Replies are listed 'Best First'.
Re: Regex matching by missingthepoint (Friar) on Nov 04, 2008 at 01:16 UTC
First of all, thanks for posting your code. It's good to see you're trying (and trying to learn). And good on you for `use`-ing `strict` and `warnings`. So, I'm back asking your help. Not a problem - "everyone is a newbie at something". I hope I don't make too many mistakes posting this. I guess you're referring to Re: Perl starter with big problem.. Don't take that personally; it's a criticism of your post title, not you as a person. Do take the criticism on board (i.e. learn from it) - parv had a good reason for saying it: namely, the Monastery is full of very skilled people with many demands on their time. If you make a post, the only way they can judge whether the post aligns with their interest and expertise is by the title. A vague title gives them nothing to go on - every other post in Seekers of Perl Wisdom is by a "Perl starter with a big problem". A better title would have been How can I replace TAB chars with '/'. (Another reason for not using vague titles is that it makes it hard for others to search the Monastery for solutions to the same problem you were having.) It's still hard to figure out exactly what you're after. Can you please post (some of) the contents of the file 'Output' after the script runs, and tell us what's wrong with it?

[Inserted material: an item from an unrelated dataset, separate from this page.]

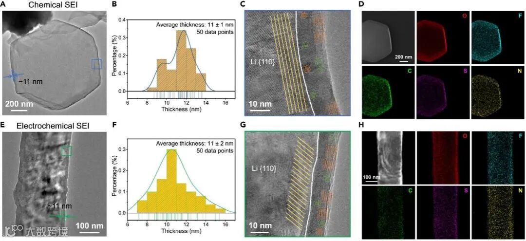图4要点:通过冷冻电镜对4M LiFSI in DME电解液体系中的化学SEI和电化学SEI进行了纳米结构和化学的表征
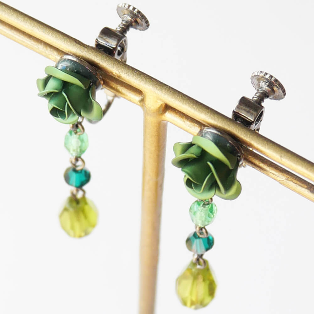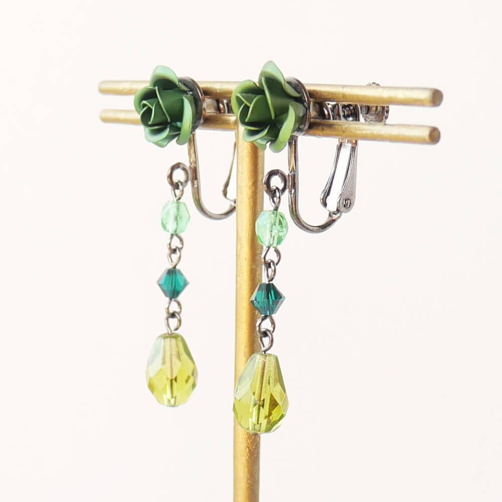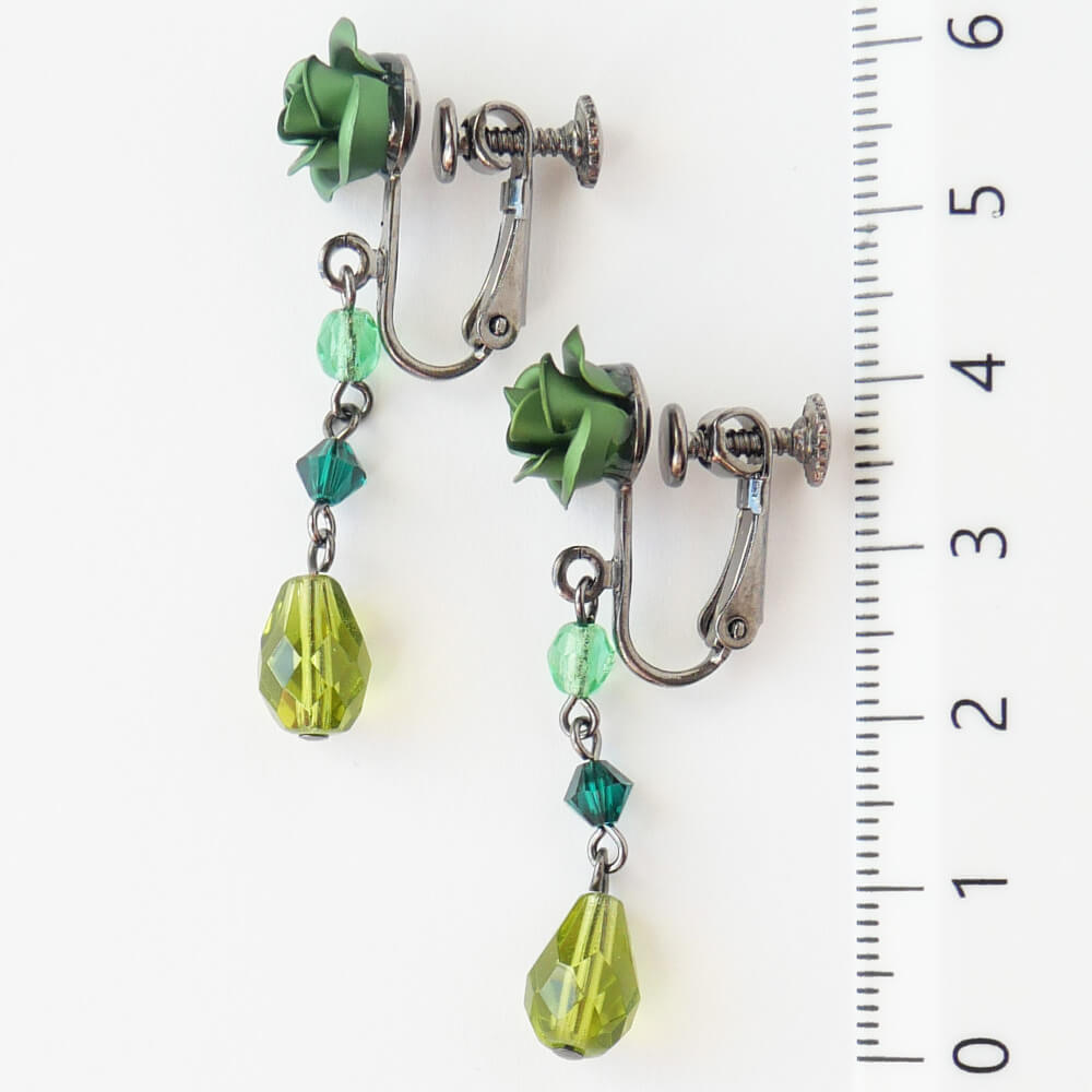 緑薔薇 グリーン ドロップ イヤリング

Also, a few random points about your code: You can safely use `my $i` where you used `$indice` and then re-use `$i` (without the `my`) where you used `$indice_controllo`) - `$i` is easier to type and just as clear On line 13 you say `my ($k,$v) = each %hash` but then on lines 23 and 24 you say `for my $key (keys %hash) ... my $value = $hash{$key}`. You had it better the first time :) Should probably check the return codes of your last two `open`s as well HTH, mtp Indicators of geekdom: You get a kick out of finishing sentences with domain names, because of the syntactic overlap of certain written languages and DNS notation. You understood the previous sentence.	[reply] [d/l] [select]

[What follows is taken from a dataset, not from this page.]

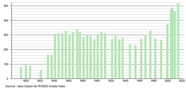 L'évolution du nombre d'habitants est connue à travers les recensements de la population effectués dans la commune depuis 1793. Pour les communes de moins de 10 000 habitants, une enquête de recensement portant sur toute la population est réalisée tous les cinq ans, les populations de référence des années intermédiaires étant quant à elles estimées par interpolation ou extrapolation[6]. Pour la commune, le premier recensement exhaustif entrant dans le cadre du nouveau dispositif a été réalisé en 2004[7].

Re^2: Regex matching by b_vulnerability (Novice) on Nov 04, 2008 at 08:49 UTC
I'm very happy to learn. I have not taken what parv said before badly. I know the title was wrong and I understand the reason, because I've spent a lot of time serching archives of this site for coming up with a solution to my problem. I've serached a lot and found this: How do I extract all text between two keywords like start and end? which is exactly what I need to do. The only problem is: I need to extract only sentences that have just three or four word between said keywords, and not match the other. Let's say that my keywords are `atomo` and `nucleo`. I'd like to extract just this: `atomo/atomo/S-MS Ë/essereV-S3IP composto/comporre/V-MSPR da/da/E un/un/RIMS nucleo/nucleo/S` but not this: atomo/atomo/S-MS non/non/B era/essereV-S3II indivisibile/indivisibile/A-NS ,/,/PU bensÏ/bensÏ/C a/a/E sua/suo/A-FS volta/volta/S-FS composto/comporre/V-MSPR da/da/E particelle/particella/S-FP pi˘/pi˘/B piccole/piccolo/A-FP (/(/PU alle/a/E-FP quali/quale/P-NP ci/ci/PQNP si/si/PQNN riferisce/riferireV-S3IP con/con/E il/il/RDMS termine/termine/S-MS "/"/PU subatomiche/subatomico/A-FP "/"/PU )/)/PU ././PU In/in/E particolare/particolare/S-MS ,/,/PU l'/lo/RDNS /atomo/atomo/S-MS Ë/essereV-S3IP composto/comporre/V-MSPR da/da/E un/un/RIMS nucleo/nucleo/S. I managed (more or less) to do what is suggested in the link I posted before, but I don't know how to tell the regex that I don't want every single sentence that start with a keyword and end with the other, but just sentences that have three or four words between the first and the second. I really don't know how to explain this in other words, and I'm sorry if my examples aren't clear enough. I'm a newbie and I'm italian (so my english is far from perfect). Thanks again to everyone.	[reply] [d/l] [select]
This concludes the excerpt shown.